## WHAT YOU ARE ASKED TO DO
Restate every entry verbatim; drop the pictures.

--- SOURCE DATA Enclosed Below ---

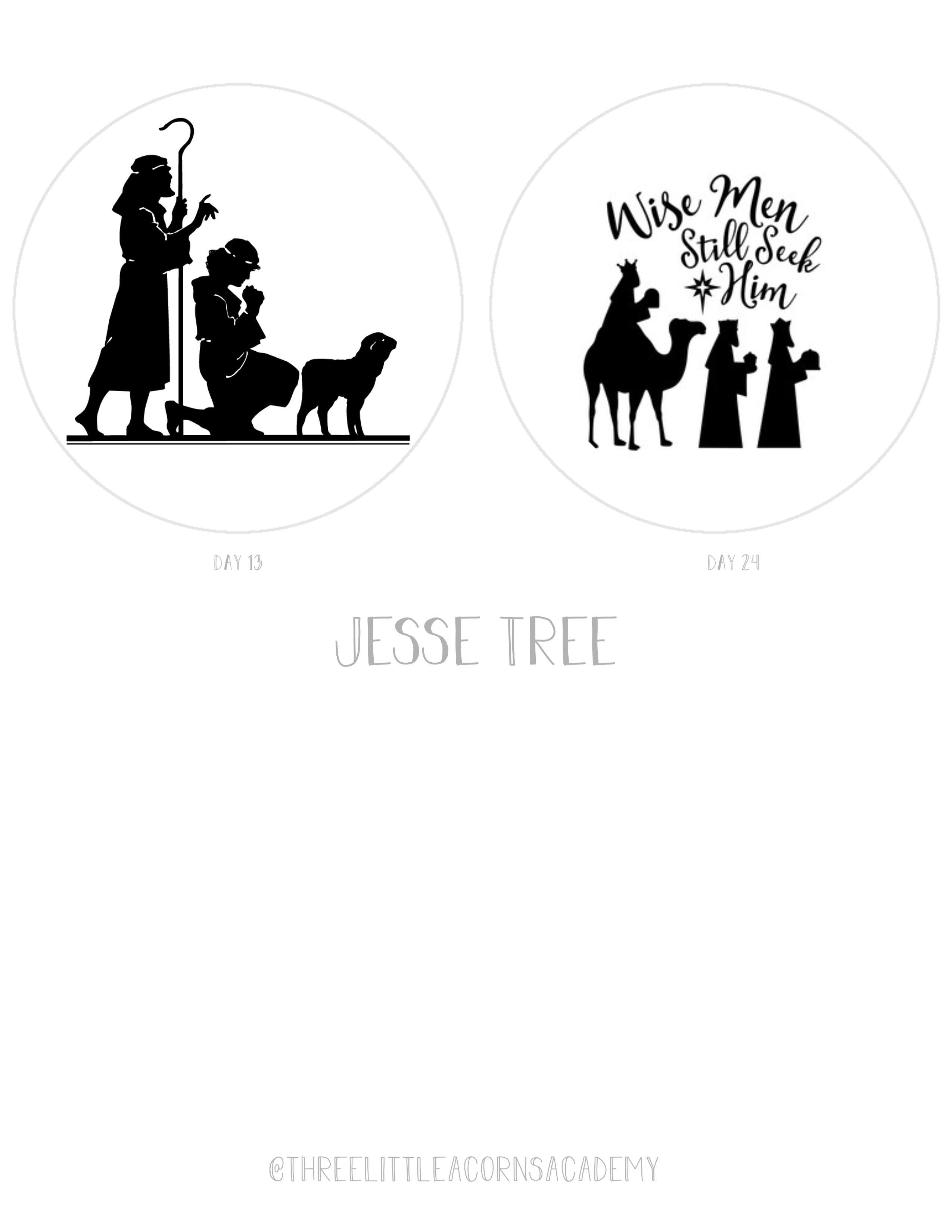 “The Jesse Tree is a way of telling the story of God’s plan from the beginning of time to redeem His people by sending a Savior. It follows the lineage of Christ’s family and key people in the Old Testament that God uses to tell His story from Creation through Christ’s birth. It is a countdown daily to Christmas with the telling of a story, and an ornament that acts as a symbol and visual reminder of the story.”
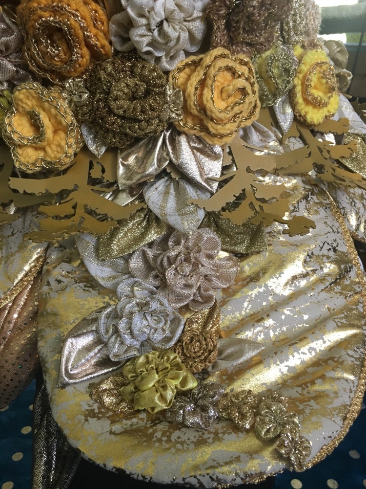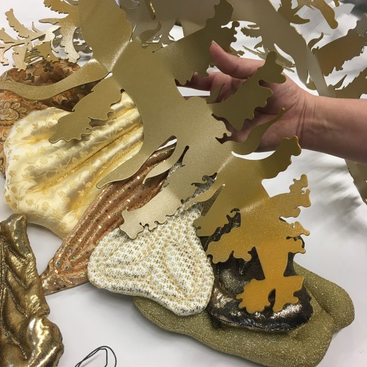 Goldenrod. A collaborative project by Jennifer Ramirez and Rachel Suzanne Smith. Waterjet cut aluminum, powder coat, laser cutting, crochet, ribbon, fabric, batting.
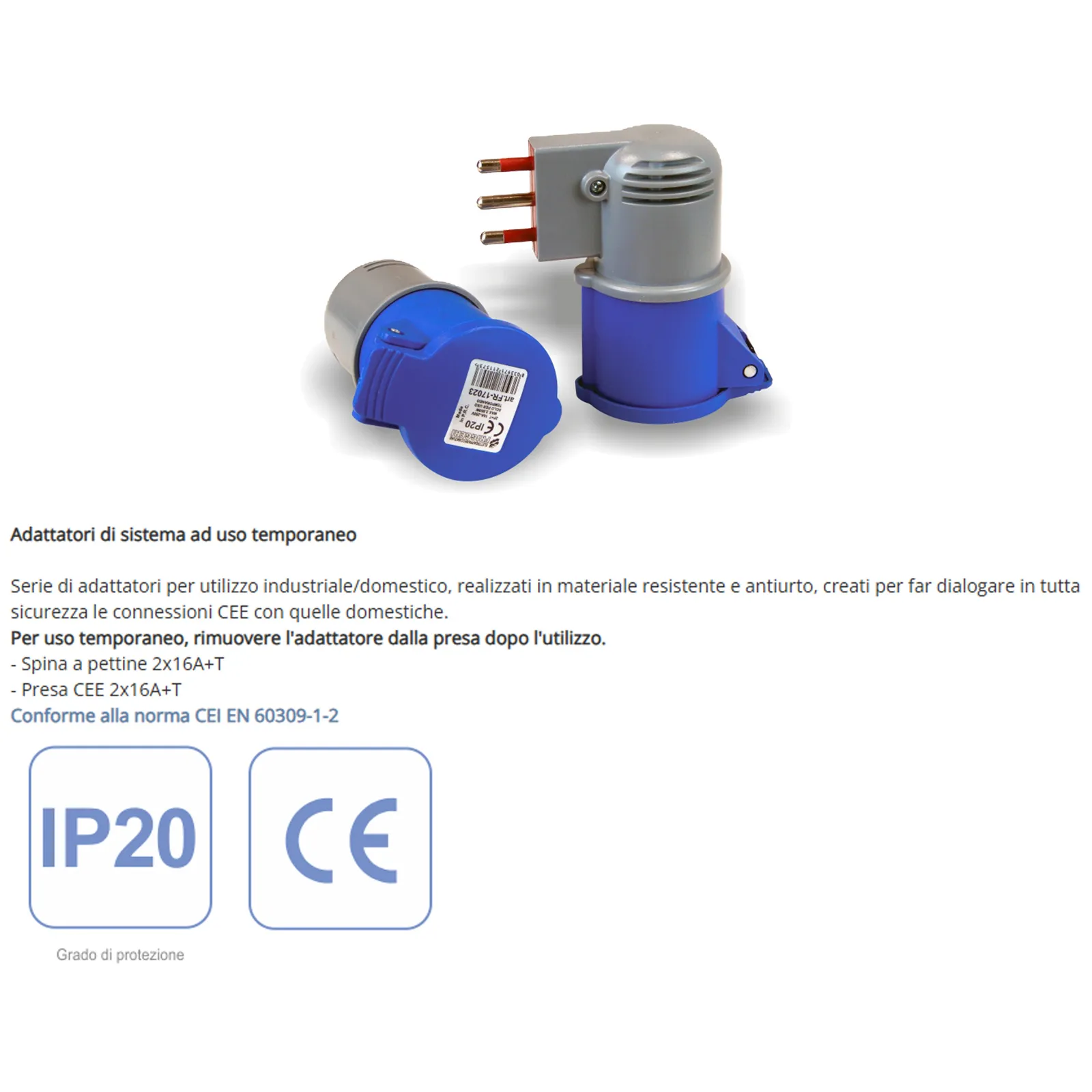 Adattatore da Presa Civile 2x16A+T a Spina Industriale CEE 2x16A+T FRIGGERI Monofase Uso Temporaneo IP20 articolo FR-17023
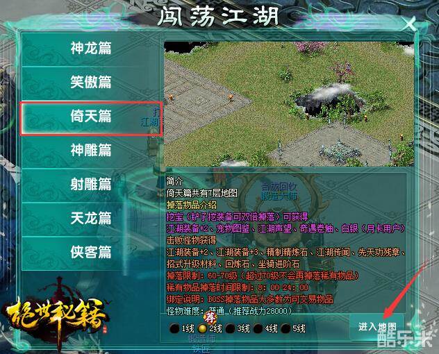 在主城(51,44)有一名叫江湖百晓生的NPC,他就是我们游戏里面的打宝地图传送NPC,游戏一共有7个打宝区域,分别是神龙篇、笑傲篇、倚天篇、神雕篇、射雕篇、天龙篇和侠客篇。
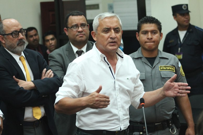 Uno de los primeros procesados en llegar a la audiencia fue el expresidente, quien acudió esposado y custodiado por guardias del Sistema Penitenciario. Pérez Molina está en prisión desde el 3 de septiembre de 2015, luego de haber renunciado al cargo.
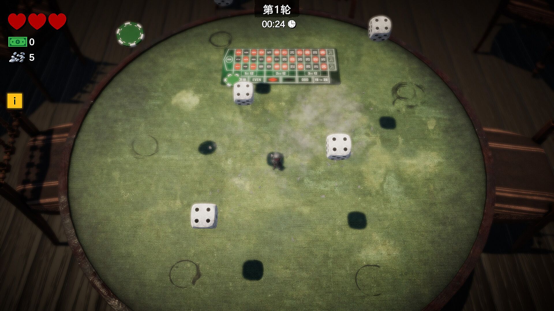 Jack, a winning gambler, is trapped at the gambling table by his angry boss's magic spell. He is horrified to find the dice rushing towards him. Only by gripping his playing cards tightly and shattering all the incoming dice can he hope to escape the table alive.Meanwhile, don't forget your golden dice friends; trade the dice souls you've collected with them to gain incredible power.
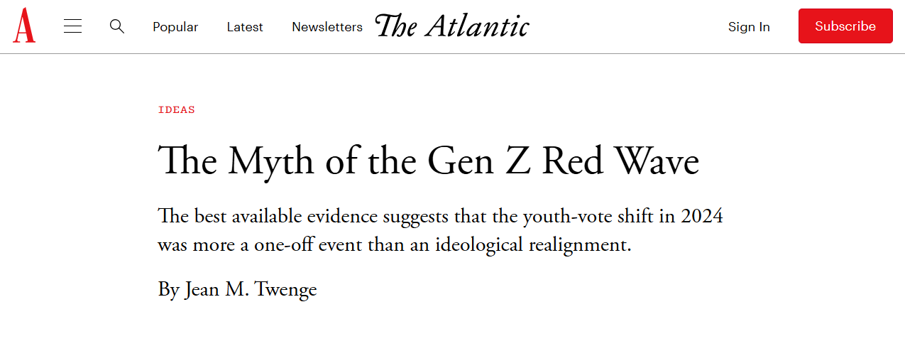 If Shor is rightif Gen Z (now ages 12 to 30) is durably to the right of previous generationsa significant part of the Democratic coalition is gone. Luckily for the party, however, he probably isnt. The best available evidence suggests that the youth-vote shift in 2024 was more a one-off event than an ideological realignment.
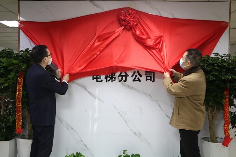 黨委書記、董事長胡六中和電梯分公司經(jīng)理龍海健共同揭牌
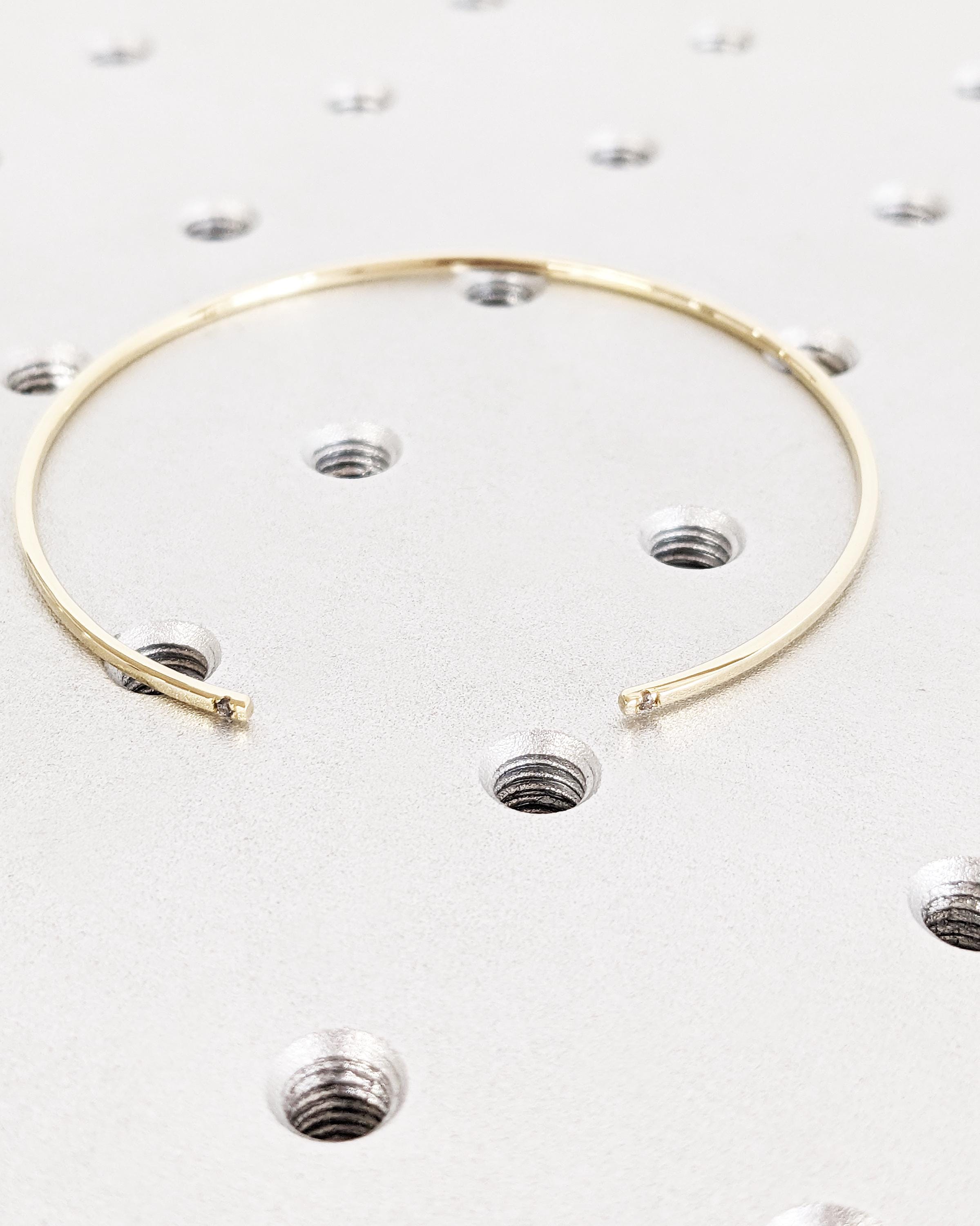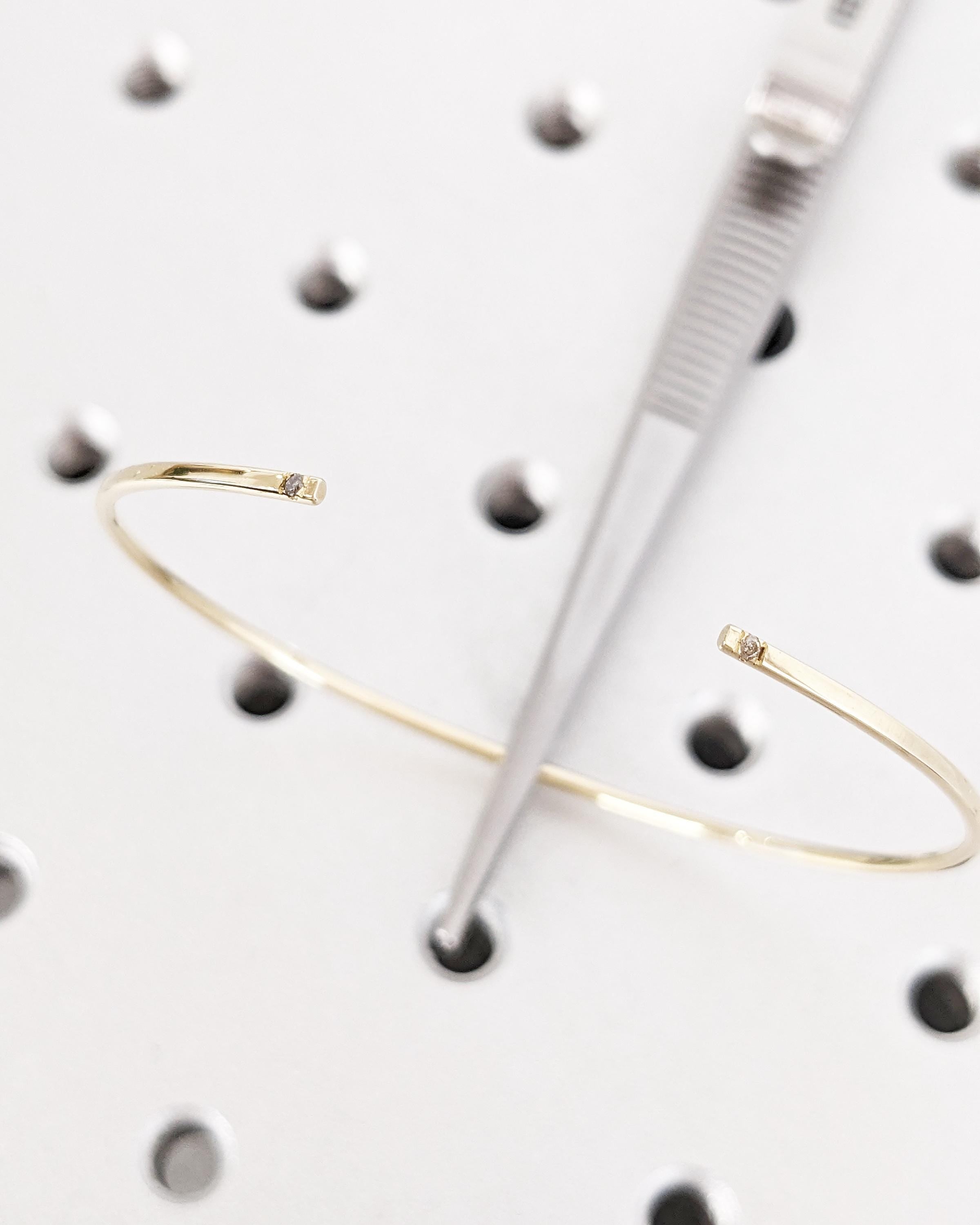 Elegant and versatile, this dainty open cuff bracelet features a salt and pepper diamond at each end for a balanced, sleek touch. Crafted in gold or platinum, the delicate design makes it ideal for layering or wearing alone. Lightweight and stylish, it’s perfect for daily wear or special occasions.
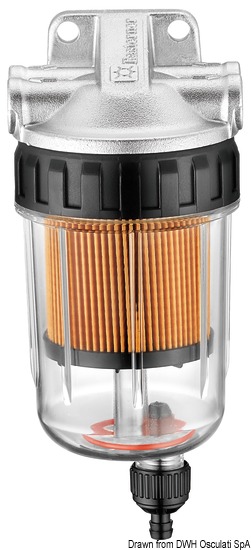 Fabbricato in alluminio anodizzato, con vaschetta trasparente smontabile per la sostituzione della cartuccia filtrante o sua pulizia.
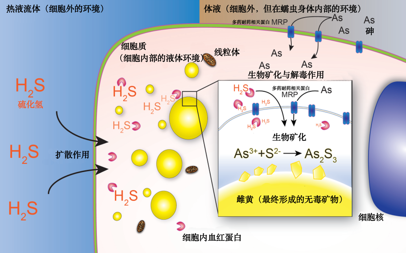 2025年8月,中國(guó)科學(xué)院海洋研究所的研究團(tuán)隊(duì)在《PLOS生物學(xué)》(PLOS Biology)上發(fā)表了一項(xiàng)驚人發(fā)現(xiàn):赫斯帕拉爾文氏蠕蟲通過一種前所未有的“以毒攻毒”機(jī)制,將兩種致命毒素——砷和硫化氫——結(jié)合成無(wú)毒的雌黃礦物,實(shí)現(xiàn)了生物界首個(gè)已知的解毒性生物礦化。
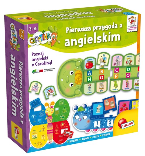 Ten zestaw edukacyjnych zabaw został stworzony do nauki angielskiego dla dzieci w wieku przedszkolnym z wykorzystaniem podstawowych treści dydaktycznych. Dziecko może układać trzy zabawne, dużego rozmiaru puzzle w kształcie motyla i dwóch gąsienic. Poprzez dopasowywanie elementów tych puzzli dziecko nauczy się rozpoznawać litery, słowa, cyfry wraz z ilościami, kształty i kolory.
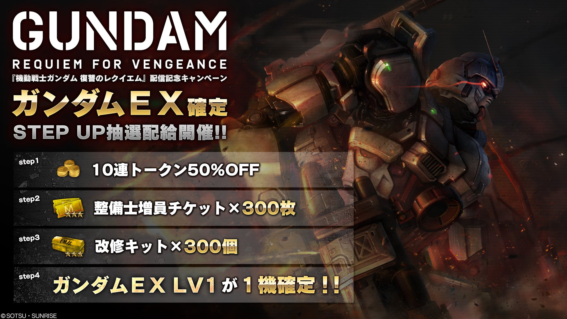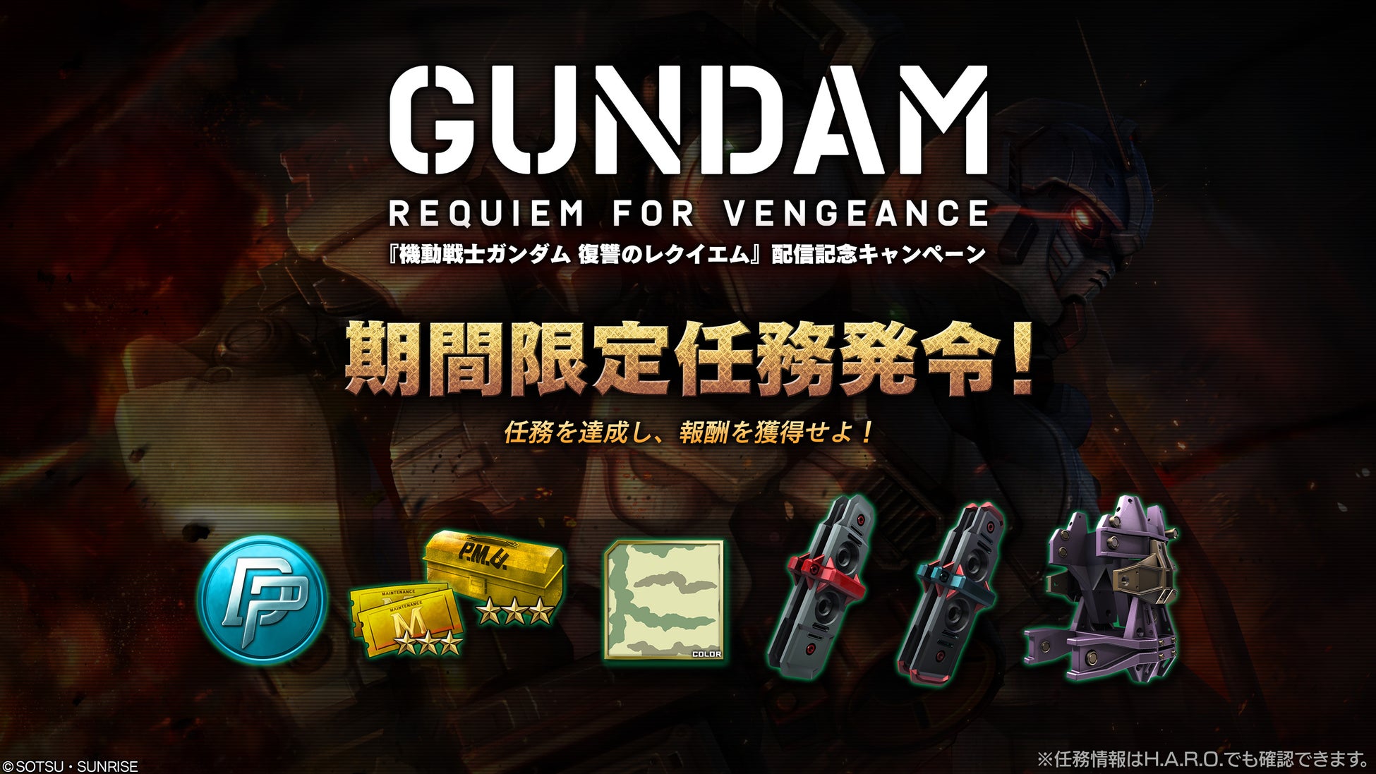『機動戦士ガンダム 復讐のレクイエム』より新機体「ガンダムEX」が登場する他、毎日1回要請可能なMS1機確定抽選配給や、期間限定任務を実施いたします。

--- End of Enclosed SOURCE DATA ---

## EXERCISE SOLUTION
 “The Jesse Tree is a way of telling the story of God’s plan from the beginning of time to redeem His people by sending a Savior. It follows the lineage of Christ’s family and key people in the Old Testament that God uses to tell His story from Creation through Christ’s birth. It is a countdown daily to Christmas with the telling of a story, and an ornament that acts as a symbol and visual reminder of the story.”
 Goldenrod. A collaborative project by Jennifer Ramirez and Rachel Suzanne Smith. Waterjet cut aluminum, powder coat, laser cutting, crochet, ribbon, fabric, batting.
 Adattatore da Presa Civile 2x16A+T a Spina Industriale CEE 2x16A+T FRIGGERI Monofase Uso Temporaneo IP20 articolo FR-17023
 在主城(51,44)有一名叫江湖百晓生的NPC,他就是我们游戏里面的打宝地图传送NPC,游戏一共有7个打宝区域,分别是神龙篇、笑傲篇、倚天篇、神雕篇、射雕篇、天龙篇和侠客篇。
 Uno de los primeros procesados en llegar a la audiencia fue el expresidente, quien acudió esposado y custodiado por guardias del Sistema Penitenciario. Pérez Molina está en prisión desde el 3 de septiembre de 2015, luego de haber renunciado al cargo.
 Jack, a winning gambler, is trapped at the gambling table by his angry boss's magic spell. He is horrified to find the dice rushing towards him. Only by gripping his playing cards tightly and shattering all the incoming dice can he hope to escape the table alive.Meanwhile, don't forget your golden dice friends; trade the dice souls you've collected with them to gain incredible power.
 If Shor is rightif Gen Z (now ages 12 to 30) is durably to the right of previous generationsa significant part of the Democratic coalition is gone. Luckily for the party, however, he probably isnt. The best available evidence suggests that the youth-vote shift in 2024 was more a one-off event than an ideological realignment.
 黨委書記、董事長胡六中和電梯分公司經(jīng)理龍海健共同揭牌
 Elegant and versatile, this dainty open cuff bracelet features a salt and pepper diamond at each end for a balanced, sleek touch. Crafted in gold or platinum, the delicate design makes it ideal for layering or wearing alone. Lightweight and stylish, it’s perfect for daily wear or special occasions.
 Fabbricato in alluminio anodizzato, con vaschetta trasparente smontabile per la sostituzione della cartuccia filtrante o sua pulizia.
 2025年8月,中國(guó)科學(xué)院海洋研究所的研究團(tuán)隊(duì)在《PLOS生物學(xué)》(PLOS Biology)上發(fā)表了一項(xiàng)驚人發(fā)現(xiàn):赫斯帕拉爾文氏蠕蟲通過一種前所未有的“以毒攻毒”機(jī)制,將兩種致命毒素——砷和硫化氫——結(jié)合成無(wú)毒的雌黃礦物,實(shí)現(xiàn)了生物界首個(gè)已知的解毒性生物礦化。
 Ten zestaw edukacyjnych zabaw został stworzony do nauki angielskiego dla dzieci w wieku przedszkolnym z wykorzystaniem podstawowych treści dydaktycznych. Dziecko może układać trzy zabawne, dużego rozmiaru puzzle w kształcie motyla i dwóch gąsienic. Poprzez dopasowywanie elementów tych puzzli dziecko nauczy się rozpoznawać litery, słowa, cyfry wraz z ilościami, kształty i kolory.
『機動戦士ガンダム 復讐のレクイエム』より新機体「ガンダムEX」が登場する他、毎日1回要請可能なMS1機確定抽選配給や、期間限定任務を実施いたします。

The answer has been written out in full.